Implementation Notes
^^^^^^^^^^^^^^^^^^^^

The following implementation is used with a worst-case performance of ``O([N/64]M)``.

- if max is 0 the similarity can be calculated using a direct comparision,
  since no difference between the strings is allowed.  The time complexity of
  this algorithm is ``O(N)``.

- if max is 1 and the two strings have a similar length, the similarity can be
  calculated using a direct comparision aswell, since a substitution would cause
  a edit distance higher than max. The time complexity of this algorithm
  is ``O(N)``.

- A common prefix/suffix of the two compared strings does not affect
  the Levenshtein distance, so the affix is removed before calculating the
  similarity.

- If max is ≤ 4 the mbleven algorithm is used. This algorithm
  checks all possible edit operations that are possible under
  the threshold `max`. As a difference to the normal Levenshtein distance this
  algorithm can even be used up to a threshold of 4 here, since the higher weight
  of substitutions decreases the amount of possible edit operations.
  The time complexity of this algorithm is ``O(N)``.
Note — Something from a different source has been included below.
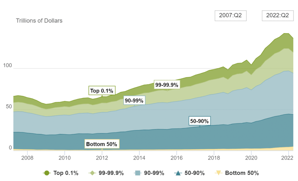 Figuren viser udviklingen i de amerikanske husholdningers samlede værdier de seneste femten år. Du kan se hvor meget de forskellige grupper udgør af totalen, rangeret efter formuestørrelse. Stigningen fra pandemien i 2020 og to år frem på hele 37% er iøjnefaldende. Det er den klart største stigning vi har oplevet, siden den amerikanske centralbank begyndte at måle på denne størrelse i 1989.

- If the length of the shorter string is ≤ 64 after removing the common affix
  Hyyrös' lcs algorithm is used, which calculates the Indel distance in
  parallel. The algorithm is described by :cite:t:`2004:hyrroe` and is extended with support
  for UTF32 in this implementation. The time complexity of this
  algorithm is ``O(N)``.

- If the length of the shorter string is ≥ 64 after removing the common affix
  a blockwise implementation of the Hyyrös' lcs algorithm is used, which calculates
  the Levenshtein distance in parallel (64 characters at a time).
  The algorithm is described by :cite:t:`2004:hyrroe`. The time complexity of this
  algorithm is ``O([N/64]M)``.